# Semi DIY LED setup on 55g-Home Depot 5000k led bulbs



## thelub (Jan 4, 2013)

That looks really nice. I was just at Lowes looking at those bulbs. Is 5000k good enough for a low tech setup? And do they have to be so high above the water?


----------



## AirstoND (Jun 17, 2011)

Fish?
Plants?

I would keep photoperiod low (8hrs) to allow plants time to acclimate roots and to reduce algea activity. 

I am using the same LEDs, and like the lumens, but like all LEDSs they're focused into a relatively narrow beam.


----------



## sdylanh (Dec 9, 2011)

My goal is to be low tech, but I have no idea where this would fit on the par meter. I raised them so high to get a good spread, as the above poster mentioned they do have a somewhat narrow beam. 

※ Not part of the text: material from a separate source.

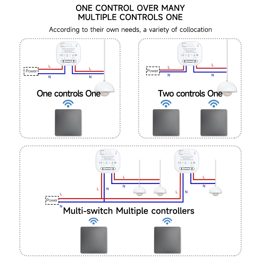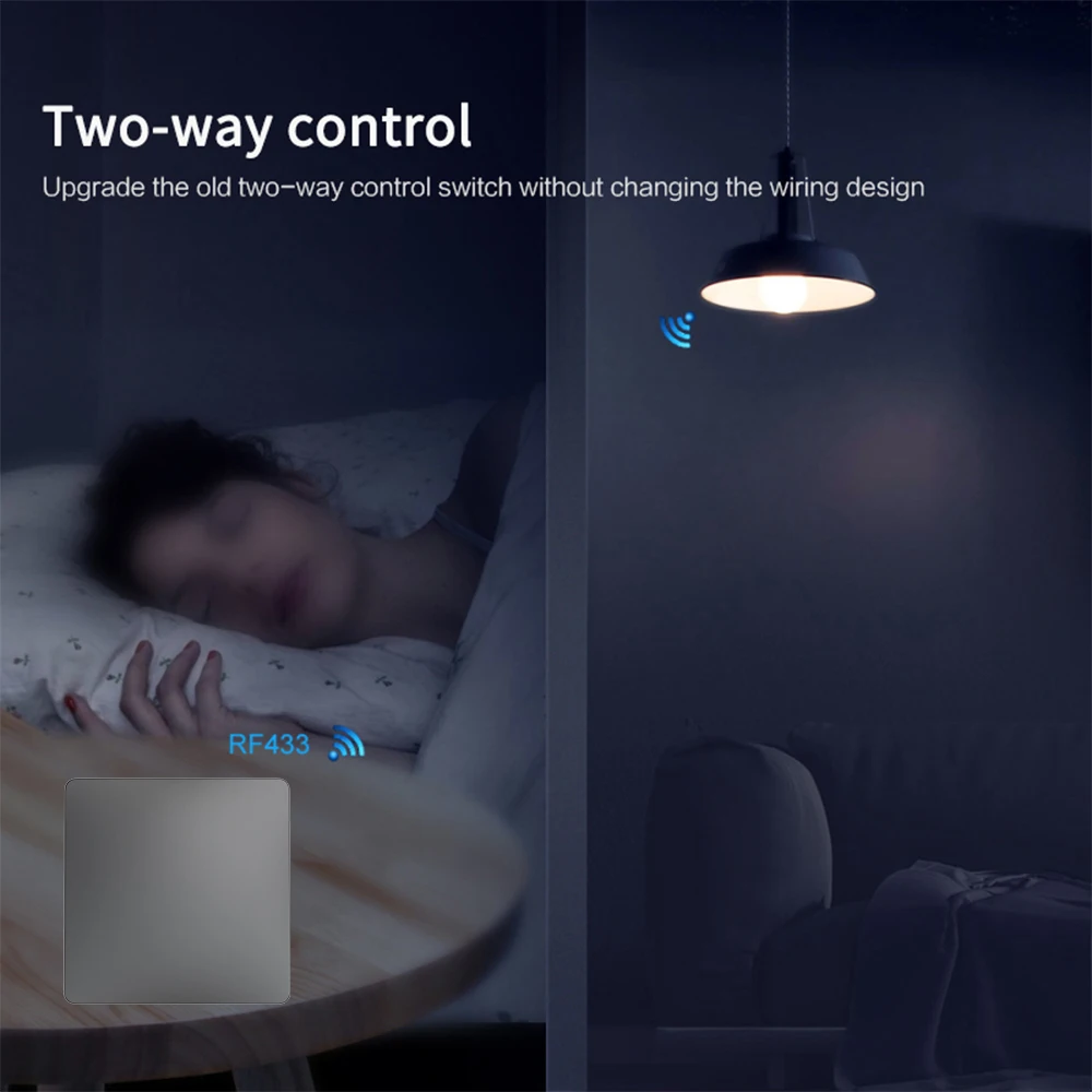 Function 2: Easy to install, the switch panel does not require rewiring. Simply connect the receiver to the live and neutral wires of the desired light, and press the switch panel to control the light on and off.We have matched the product code when it leaves the factory, and there will be no code confusion, so you can use it directly! (the original wall switch must be powered on).
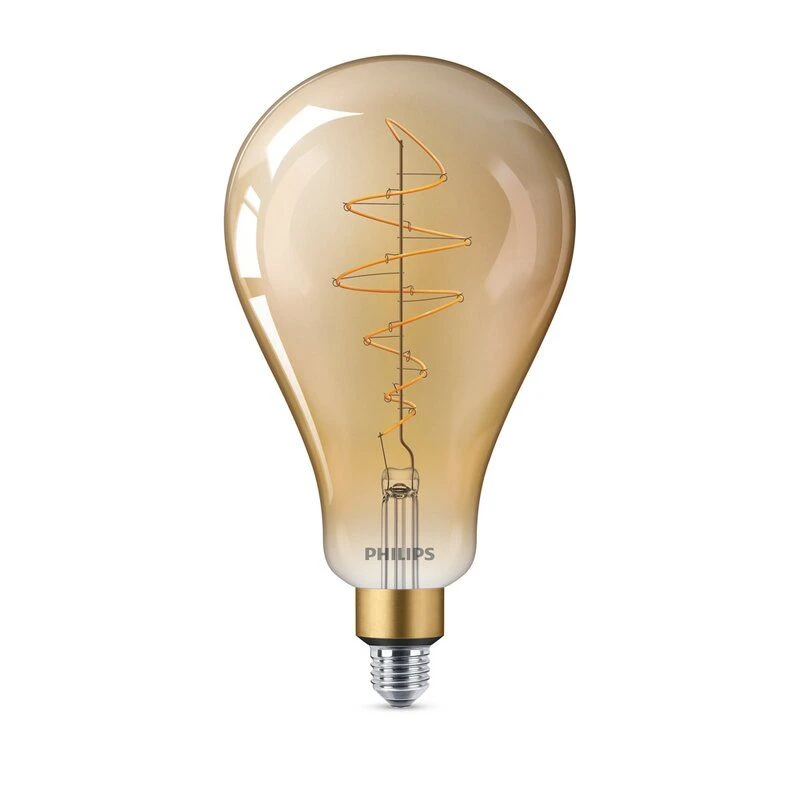 Philips modern LED technology giant filament light bulb with a decorative gold glass finish and extra warm white colour 2000K.

I'm growing mostly low light stuff, crypts (petchii, wendtii, lutea, balansae-just planted), java fern, and anubias nana. My DHG belem seems to be doing well, but I did dry start it under a different light. I also have a beautiful red Tiger Lotus in there that is really taking off.

Fish are 3 Angels, 2 long finned GBRs, 20 WCMM, 4 otos, and a lonely BN pleco. I'm more going to add 4 more otos when I can find them. 

Oh, and I also have some frog bit.


----------



## Johnny Tang (Nov 12, 2012)

Can we get an update on how things are going? 

Looking into doing this setup for my 40 Breeder


----------